Richard Hyman, President of PatelMiller, a retail consultancy specialising in strategy and operational management, is one of the UK’s most influential retail analysts. He is founder of Verdict Research, the leading provider of analysis to the retail industry and has advised many leading retailers, including John Lewis, Sainsbury’s and Debenhams.

We’re delighted to have him share his thoughts on UK retailing in 2012, one of the toughest years experienced in modern times. 

2012 is the year when the Government’s austerity measures kicked in fully and the consumer is bearing the brunt. Inevitably budgets are constrained and retail sales are the weakest in many generations. Meanwhile, retail operating costs are rising so margins are squeezed

.Last year was the most promotional market I have ever seen. I’d say only a minority of retailers kept to their promotional calendars. Most felt obliged to follow and, for much of the year, a good proportion of the high street was on sale. Many retailers are experiencing cash flow shortfalls and promotions have often been desperate moves to turn stock into money, almost always at the expense of profitability.

Retail winners have close relationship with customers

The winners all have one thing in common: a closer relationship with their customers than their leading competitors.

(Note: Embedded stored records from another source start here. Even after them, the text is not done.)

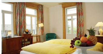
Hotel Carlton-Europe, Bedroom

Centrally located, 200m from Interlaken East Railway Station at the quiet end of Höheweg, Interlaken's famous high street. 75 uniquely-furnished rooms all with private facilities, radio, TV, telephone, hairdryer and wireless internet connection.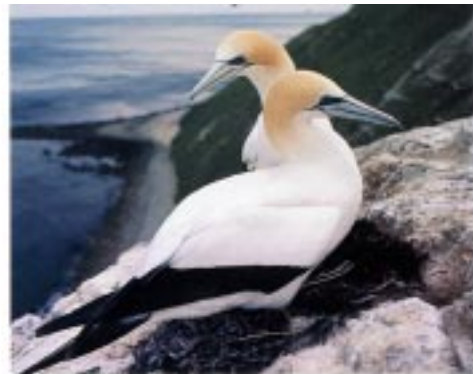
AUSTRALASIAN GANNET (takepe)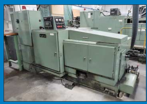
Asahi Okuma Model AOT-6XL High Speed Long Stroke 2-Die 2-Blow Cold Header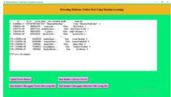
Fig.5: Displaying tweets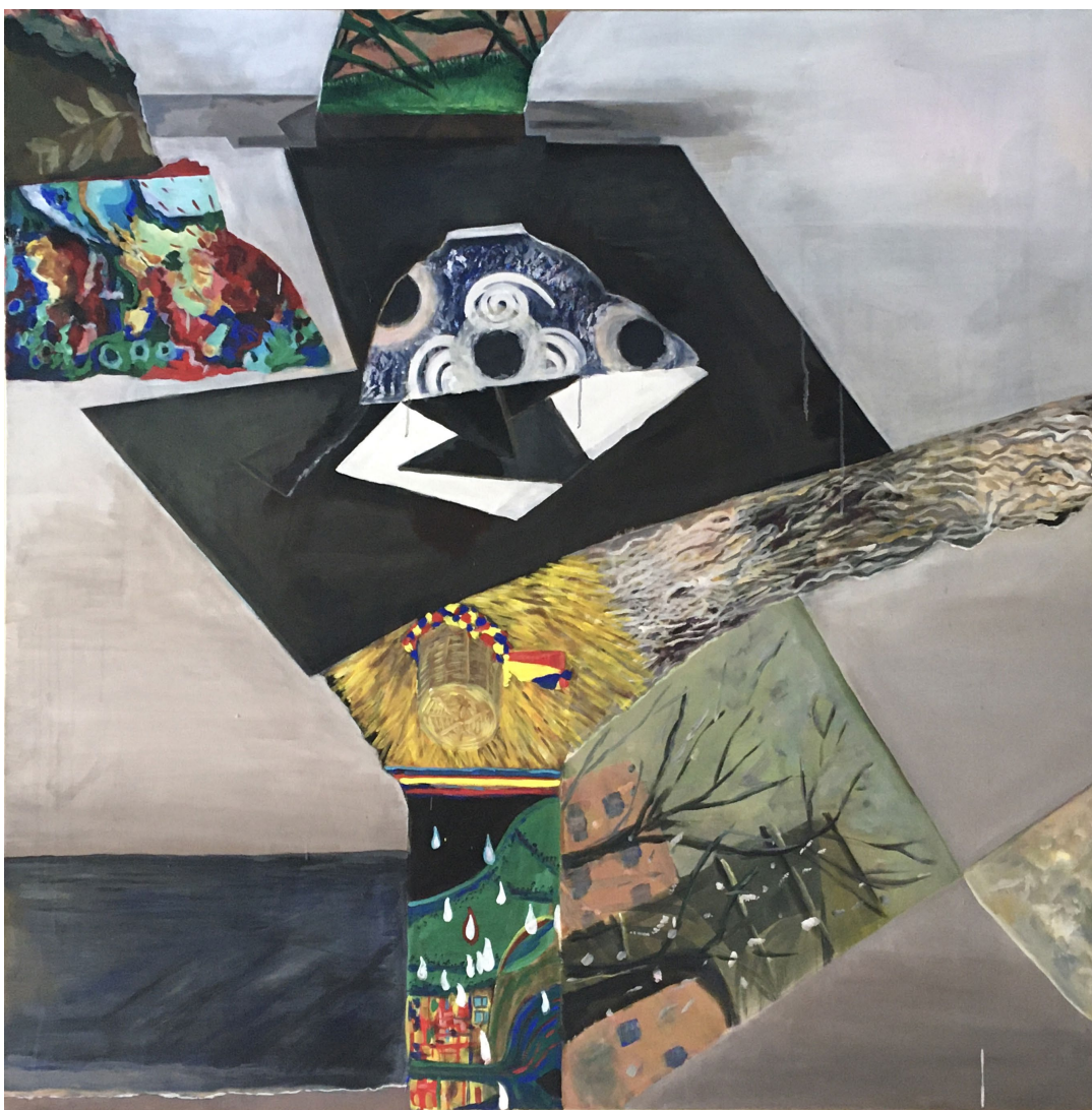
The Song of the Wind -2021- Acrylic on canvas 59x59"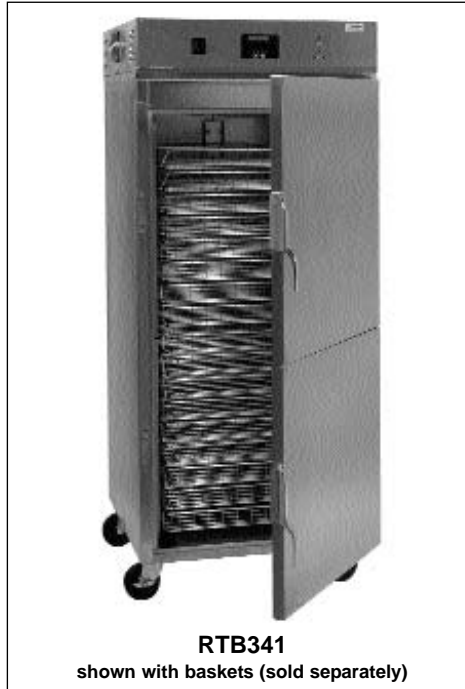
RTB341 shown with baskets (sold separately)

VERSATILE RETHERMALIZATION CAPABILITY... Rethermalizes a variety of pre-packed food items from chilled to serving temperature... most in an hour or less.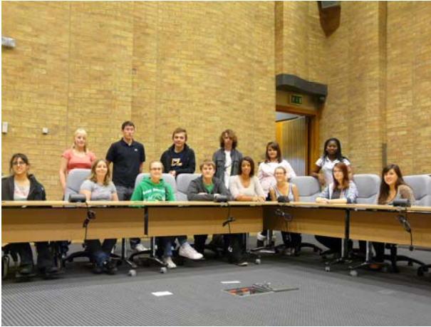
YCAB members at their first meeting in the Civic Chambers

As of September YCAB meetings are held on the first Monday of the month in the Civic Chambers. The Chambers have recently undergone a refurbishment and YCAB were lucky enough to be the first group to hold a meeting in the new space.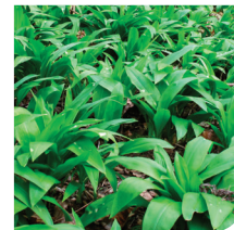
Wild Onion & Wild Garlic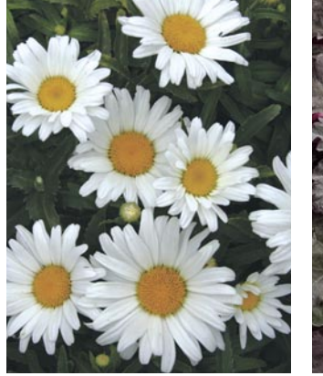
2 AMAZING DAISIES® DAISY MAY® Leucanthemum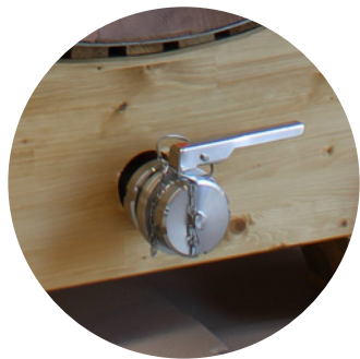
Total drainage pipe in stainless steel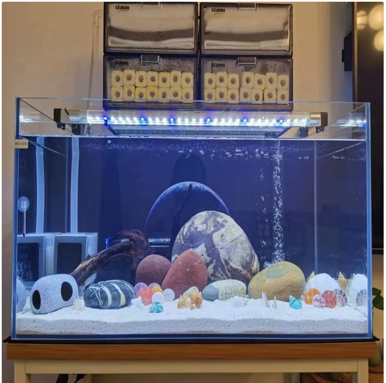
Image: The LED light installed horizontally across the top of an aquarium, illuminating the tank.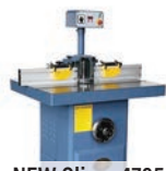
NEW Oliver 4705 Spindle Shaper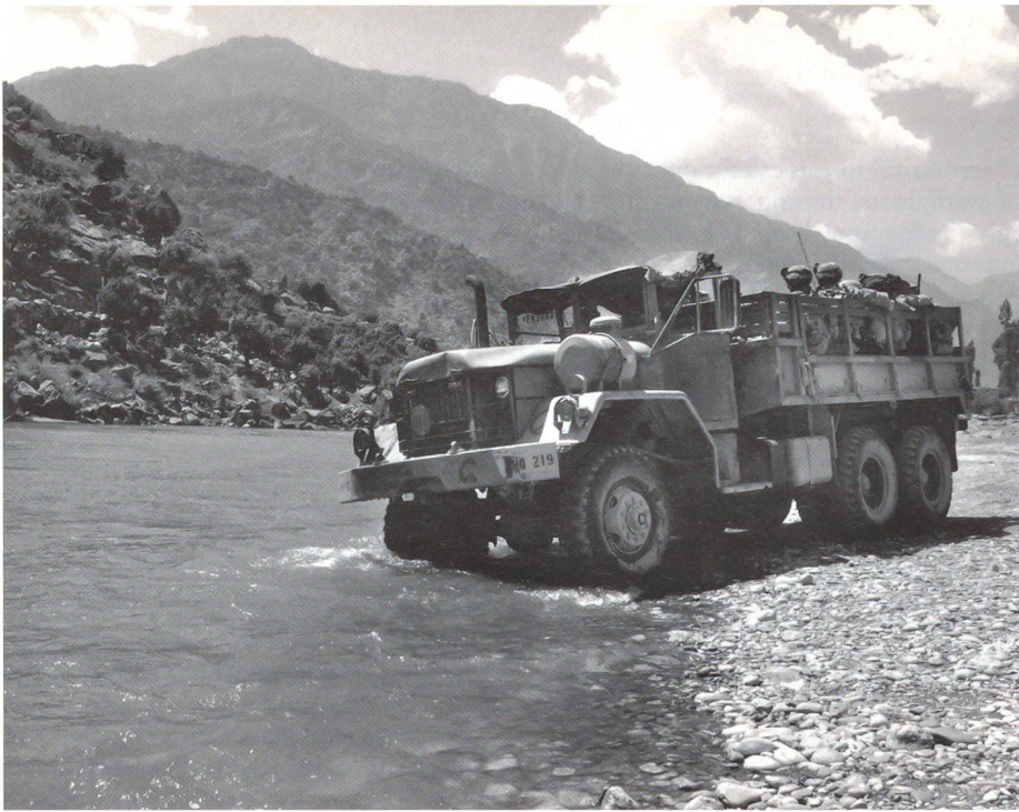
A short time after 9/11 the United States sent military forces into Afghanistan to fight at one source of terrorism. Here members of C Company, 1st/32 Battalion, 10th Mountain Division are crossing the Pech River during a mission in Afghanistan.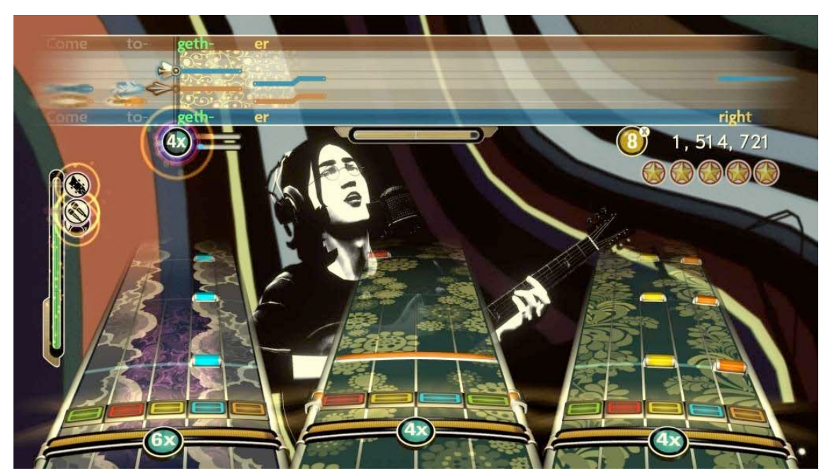
Figure 6: A still from the "Come Together" video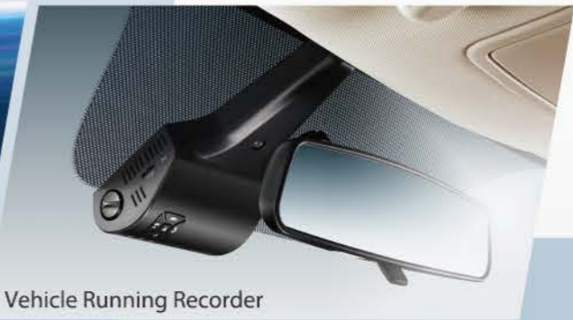
Vehicle Running Recorder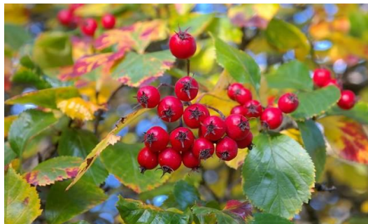
Hawthorne ( Crataegus sp.) Round, serrated leaves.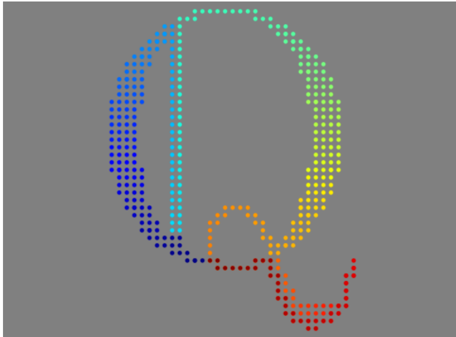
Figure 3: A 440 step base-4 walk on the number Q .

the rational Q = \frac{M}{N} generates a regular walk, which is also periodic , Fig. 3. (Do not confuse a periodic walk with a periodic expansion — the walk may not be periodic, but the expansion always is. For the walk to be periodic, it must return to the point of origin after the number of step which is integer factor of the expansion period.)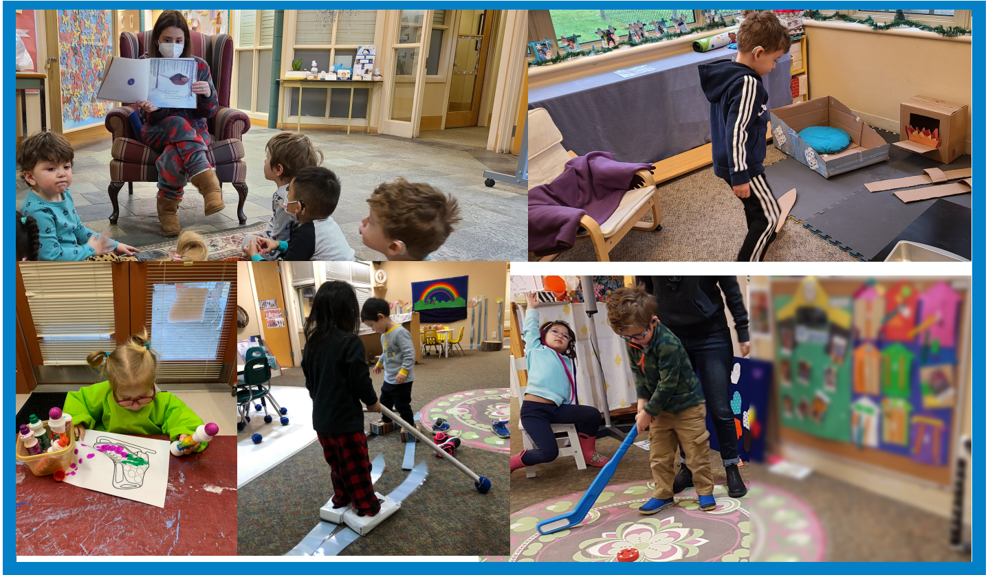
Winter is full of fun!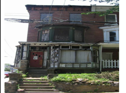
Property before renovation

Address: 4620 Greene Street Philadelphia, PA 19144 Three Story Brick Row/Corner Property Gross Area: Living Area of 2,688 sq feet Duplex/Two Units Unit # 1/ 1st floor of 896 sq feet with 5 rooms: Living room Dining room Kitchen Bathroom Bedroom New Mechanical Systems Unit # 2/ 2 nd & 3 rd floor/ Bi level of 1,792 sq feet with 8 rooms: Living room Dining room Kitchen 2 Bathrooms 3 Bedrooms New Mechanical Systems Basement/with separate exterior entrance (unfinished) Rear yard / 400 sq feet Property available in July 2012 An income producing property Total renovation with new energy efficient systems Central Air Conditioning Separate Utilities Owner Occupied Sale Price: $ 172,000 Property Tax (estimated): $ 1,300 per year Contact Information: Jamal Pitts Keller Williams Realty (610) 521-0101 ext 6515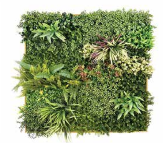
OD-AO74V204-BLOOMING SQUARE-100CM X 100CM $250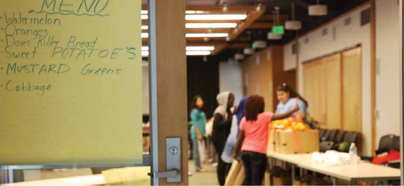
Teens from the New Columbia mixed-income neighborhoods set up tables of fresh food to be handed out at a monthly food distribution event. They aim to reach their peers who may be struggling with food insecurity.

Our continued partnership with Feeding America, as well as new funding from the ConAgra Foods Foundation and the Doris Duke Charitable Foundation, allowed us to expand our research in 2015 to seven more communities with strong service provider partnerships and capacity for organizing focus groups on teen food insecurity. The final mix of 10 communities reflected a substantial degree of diversity in terms of the communities themselves and the types of youth who shared their perspectives (see the Methodology section for an in-depth description).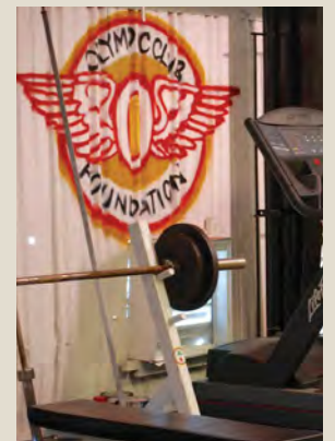
Fire in the Ring

That’s what allows them to win. With retail sales flat at very best, corporate growth depends on winning market share from the guy next door. When we lived in a growth economy you could lose share but still grow your business. Now you will gradually wither and die.

Beauty is non-negotiable for most women

Beauty has suffered less than most and I do think this will continue. That’s not to say the industry is immune –far from it. But everything is relative! Beauty is an area of relatively non-negotiable spend for women, though there is inevitably some trading down.

Consumer spend shifts to online

Online is still an area where, when properly accounted for, few people are really making money. Online has massively cannibalized physical shops.

Physical stores need to be more about aspiration, about selling the lifestyle story and the look. They are increasingly going to be physical advertisements. However, they need to be paid for and ultimately have to drive revenues.

There is some way to go in fully integrating the various channels. The vast majority of retailers operate channels which do not really talk to each other and do not offer the same level of service and experience. This is confusing and has the potential to be brand damaging too.

The future for UK retailing: no growth forecast

2013 will be tougher still. The Autumn Statement told us there would be further cuts and they would last longer. Consumer spending is likely to be slightly down year on year. And there will be more casualties. The industry has too many mouths to feed and an inability to grow share is not sustainable. Size is no longer an advantage as it once was. Some large retailers are not very fit for purpose and don’t have the leadership to change that.